Cada no fue un pequeño paso hacia mi libertad. Al principio me temblaba la voz, me sentía culpable días enteros. Pero luego veía que el mundo no se acababa, que la gente no me abandonaba, que yo seguía siendo yo, pero más entera, menos agotada.
Ahora, cuando alguien me pide algo que no quiero o no puedo hacer, lo tengo más fácil. Escucho mi cuerpo, mi intuición. Si noto resistencia, si siento que no me apetece, digo no. Sin justificaciones, sin rodeos. Y la culpa ya casi no aparece. En su lugar, aparece una sensación de paz, de estar en el lugar correcto, de respetarme.
Lo que he aprendido en este camino
Aprender a decir no ha sido uno de los aprendizajes más importantes de mi menopausia. Me ha enseñado que mis necesidades importan, que mi tiempo es valioso, que no tengo que estar disponible para todos todo el tiempo. Me ha enseñado que poner límites es un acto de amor propio, no de egoísmo.

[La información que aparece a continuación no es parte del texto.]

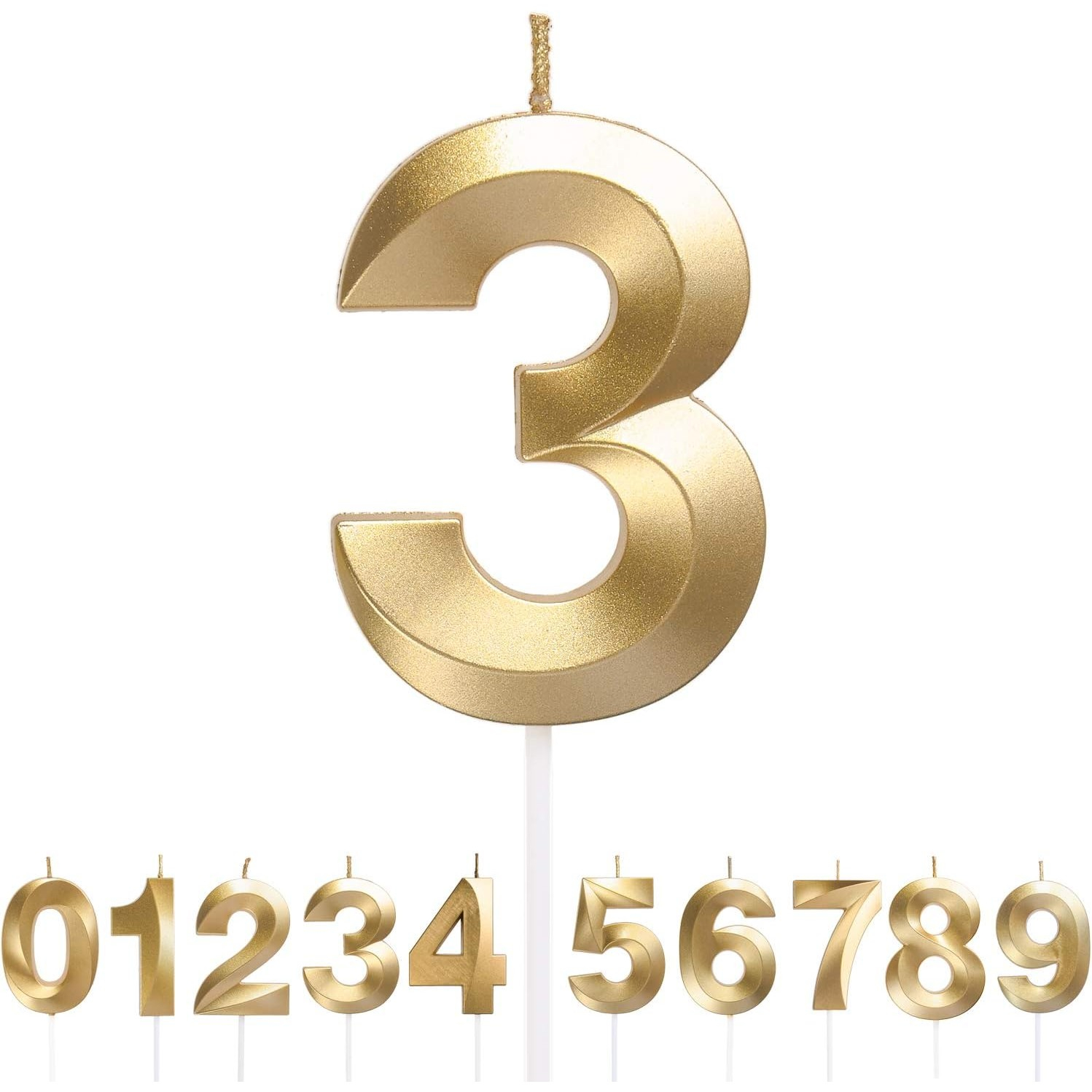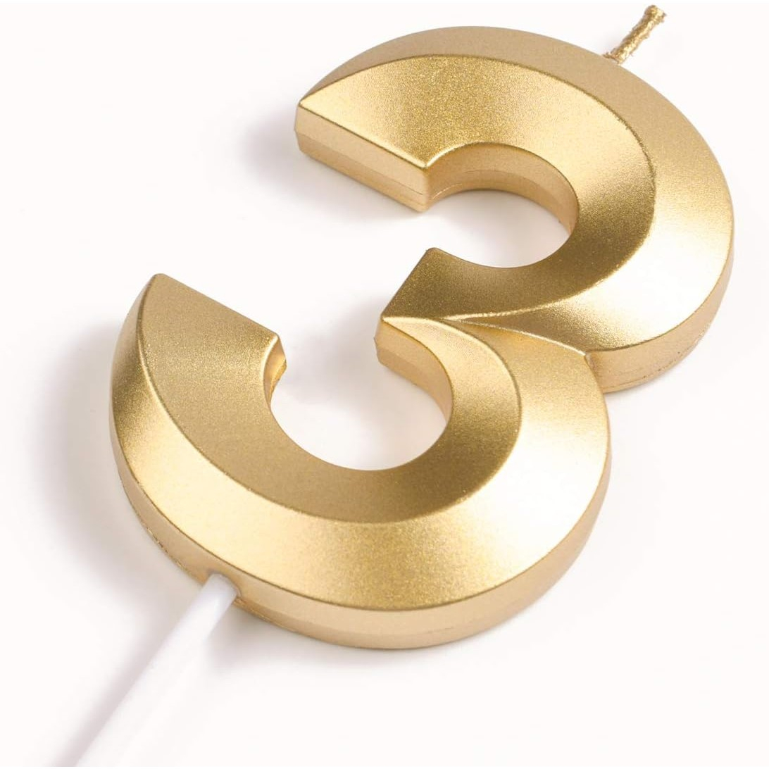 Lumânare Cifră 3, ®, Model Diamond, 5 x 3.4 cm, Auriu
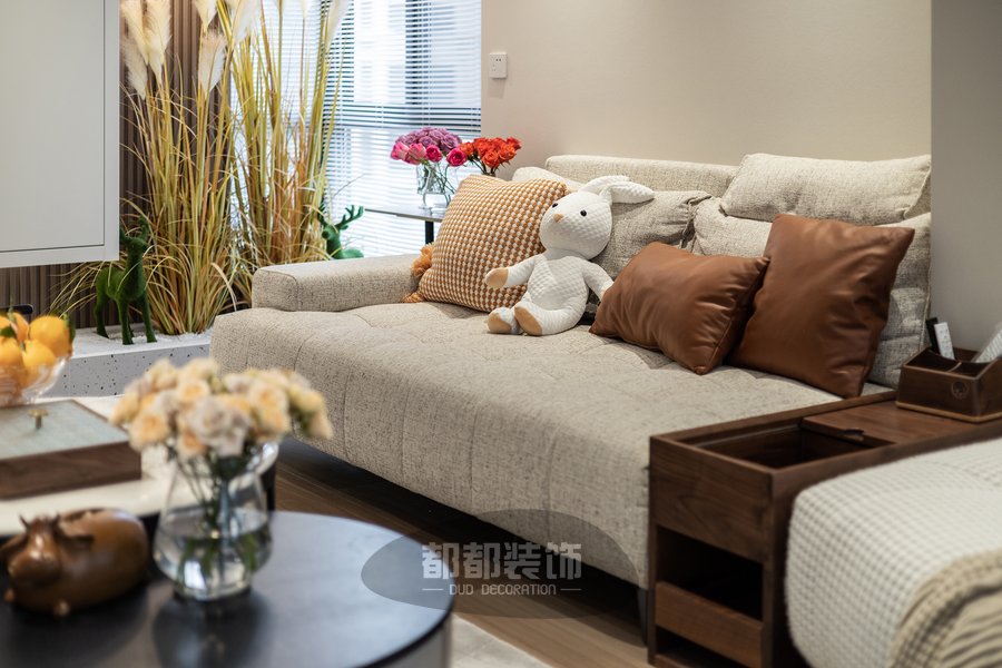 对于无法敲掉的承重墙,贺设计师用沙发与小边几的组合,巧妙构筑出一个弧形的半包围式沙发,与整个客厅充斥着的弧形元素呼应起来。棉麻质感的沙发,经典千鸟格图案,被可爱的动物玩偶包裹,躺在上面一定有着软乎乎的触感,幻化出甜蜜的梦,在梦里邂逅如同爱丽丝仙境般的奇妙幻想。

También me ha enseñado que los demás se adaptan. Mis hijas, al principio, se sorprendieron. Pero ahora lo respetan y ellas también están aprendiendo a decir no. Mi marido ha tenido que asumir más responsabilidades en casa, y la relación ha mejorado porque ya no estoy siempre agotada y de mal humor. Mis amigos, los verdaderos, lo entendieron.
Si estás leyendo esto y nunca has dicho no, o te cuesta horrores, quiero que sepas que se puede aprender. Que no es fácil, pero merece la pena. Empieza poco a poco. Con un no pequeño. Luego con otro. Y verás cómo, poco a poco, tu vida empieza a ser más tuya y menos de los demás. Porque en la menopausia, más que nunca, necesitamos poner el oxígeno primero. Necesitamos priorizarnos. Necesitamos decirnos a nosotras mismas: «sí, yo también importo».